Так шли дни. Весна ощущалась все сильнее, и не только по природным ее приметам. В тресте то и дело вывешивались приказы о результатах проверки готовности отрядов к выезду в поле, о противоэнцефалитных прививках, обязательных для всех. Начался большой разъезд. Борис еще не знал, как сложится его судьба, не застрянет ли он в "предпенсионном" отделе, но все же прививки сделал - терпел во имя будущего!
Вулканологический отряд, с которым связаны были надежды, уже прошел проверку и готовился к отъезду.
Борис совсем загрустил, как вдруг хорошая весть: дополнение к проекту прошло последний барьер!
- Завтра утром Шахов должен утвердить, и ты будешь при должности, - сказал Борису начальник отряда Старостин. - А там через три дня и в путь! Жди моего звонка!
Конечно, с самого утра Борис поглядывал на телефон и рванулся к нему, когда вскоре раздался звонок.
- Вас, Сергей Степанович, - разочарованно сказал он.
- Здравствуй, Костя! - Голос Пластунова прозвучал тепло. - Понимаю, коль звонишь, значит, пожарное дело! (Борис прислушался.) Поверь, послать некого! - Пластунов, словно в подтверждение, прижал ладонь к сердцу. - А с кем она внуков оставит? Хватился! Он уже второй год на заслуженном, рыбачит… У нее грипп. Он на овощной базе.

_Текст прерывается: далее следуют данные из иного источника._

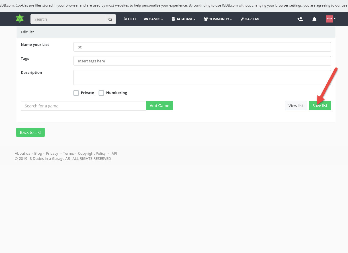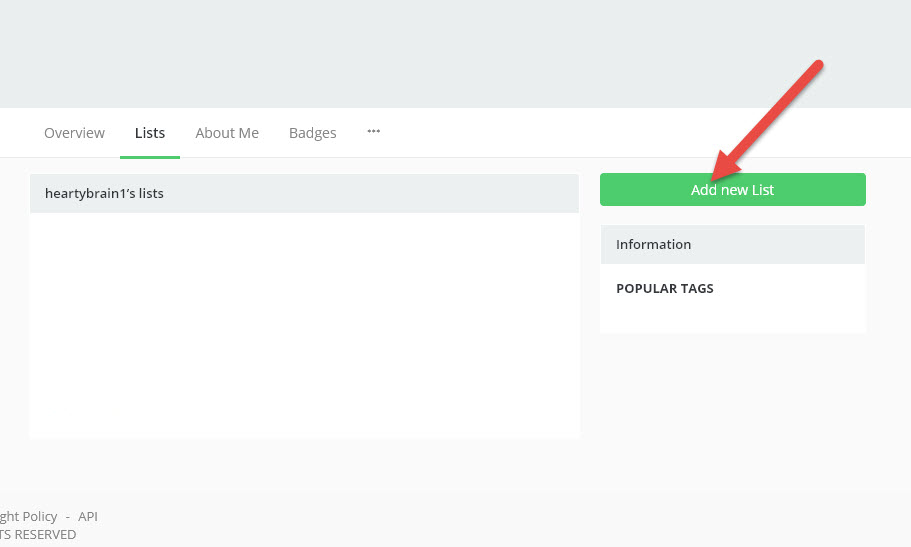3)새로운 게임 리스트를 추가하기위해 add new list를 클릭한다.

И она тоже. Сам же ты на меня нажимал. Взял, не отпираюсь, но временно! - Пластунов украдкой взглянул на Бориса, и тот понял, что речь идет о нем. - Нет, не болеет. И внуков еще не завел… Но он только входит в курс и золотом не занимался… Угу! Ага! Всегда на меня! - Пластунов бурчал сердито и вдруг улыбнулся: - Знаешь, чем купить!
Повесив трубку, он подозвал Бориса, сказал:
- Придется тебе, Боря, срочно вылететь в Кадарский район, проверить заявку, она там какая-то особенная, скоропортящаяся… Пошли, ждет главный!
- Мне же сегодня должен быть оформлен перевод! - воскликнул Борис и даже побледнел от волнения.
- Послать больше некого. Я бы сам, да мотор не тянет…
Было слышно - дышит он тяжело, и Борис сдержался, подавил желание резко отказаться.
- А насчет перехода к вулканологам не беспокойся. Шахов в долгу не останется!
Молча шли они по длинным коридорам, и Пластунов прижимал ладонь к сердцу.
В приемной секретарь Зоя встретила Пластунова приветливой улыбкой.
- Здравствуй, дядя Степаныч, - сказала она, а на Бориса внимания не обратила.
…Шахов поднялся из-за стола, пошел им навстречу. Он протянул руку Пластунову, затем Борису. Тот пожал эту непривычную левую руку неуклюже, выше ладони, и заметно смутился.
Они сели в кресла, у круглого столика, возле стеклянного шкафа с красивыми, крупными образцами.
Шахов, не скрывая любопытства, окинул взглядом мальчишеское лицо Бориса, его удлиненную прическу и усики, мохеровый свитер и джинсы.
Невольно он примечал, как с годами меняется облик молодых специалистов. И всегда, как сквозь туман, видел он рядом с ними товарищей своей юности и себя в залатанной фронтовой гимнастерке, уже без руки.
Когда-то Шахов прочитал, что только очень ограниченные и самоуверенные люди доверяют первому впечатлению, считают его самым надежным. Причислять себя к таким Шахову, разумеется, не хотелось, но решать в считанные минуты, "кто есть кто" и на что способен, ему приходилось часто - по выражению лица, движениям рук, ответам на задаваемые им вопросы, вроде бы случайные, а на самом деле выработанные многолетней практикой. Результаты привели к выводу, что он обладает даром психологических блицоценок.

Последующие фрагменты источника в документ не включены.